My mother and I separated when I was five. She left. My father and I. And just like those two, very short and no doubt grammatically incorrect sentences, that was life for a long time: my father and I, against the world, and my mother leaving, only the one time in reality, but in my heart? It felt like she left over and over. It was a sharp splinter and in my youth I only pushed it down, further and further. Until I couldn’t see it.

Forty years later the man my mother left us for died. I was as indifferent to his death as I was to her grief. My dad once told me that my mom had a saying she’d use with us kids (me and my half brother and sister) that used to drive him crazy. It was “You made your bed, now go lie in it.” Well. As my mother mourned and found herself suddenly all alone in world, I didn’t say that to her, but God help me, I thought it. Yeah, I know. Harsh. And we're just getting started.
TO BE CONTINUED NEXT WEEK…

Monday, October 10, 2016

Word Up




- Emily Dickenson

There was a time when words spoken and words written had meaning. They still do, of course. But, sadly, they are spoken less frequently, and when written, come now to us in muted strings of 140 characters, or in Facebook posts that only highlight the victories of our lives. But there is no real wisdom in the garbled haikus of Twitter. No defeat in the glamorous posts on Facebook.

I think the world would be a better place if people were just willing to bleed a little in public. Not in a self-pitying way, not to play the martyr, but rather to more genuinely proclaim their humanity. Because there is a strength to be found in sharing our weaknesses, to help each other.

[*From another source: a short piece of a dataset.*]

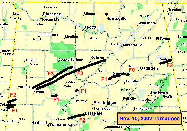 | Map of 11/10/02 Tornadoes in Alabama via NWS Birmingham |

As Hemingway says, “"The world breaks everyone, and afterward, some are strong at the broken places." It’s our job to seek those with wounds that match, to advise, and wounds that don’t match, to consult.

A word is a living thing. Spoken. Written. Conveyed. So often, we don’t take time for them anymore, and as a result, it is a crime each day how many moments of love, connection and encouragement are lost forever, sacrificed on the altar of our newsfeeds and work deadlines. Until, one day, you wake up and say, “Waitaminutenow. Hold on. I…have something…I want…to say.” If your heart is right, this moment is not followed by an egotistical “Listen to me!” but rather in a humble, contrite, nauseatingly vulnerable “Will you hear me?”

I write stories because of words. It is in their architecture that I can find a way…to you, to others...and invite you in. A story is a building, the opening the foyer and each chapter a room. Once the tour is over, all I can hope for is that I will find you in the study, warming yourself by the fire, a little richer for the experience before you head back out into the world that is your life.

And if that world is sometimes cold and lonely? If I have been blessed enough in the telling of the thing, you will have been given a story that sparks a fire in you that will never go out.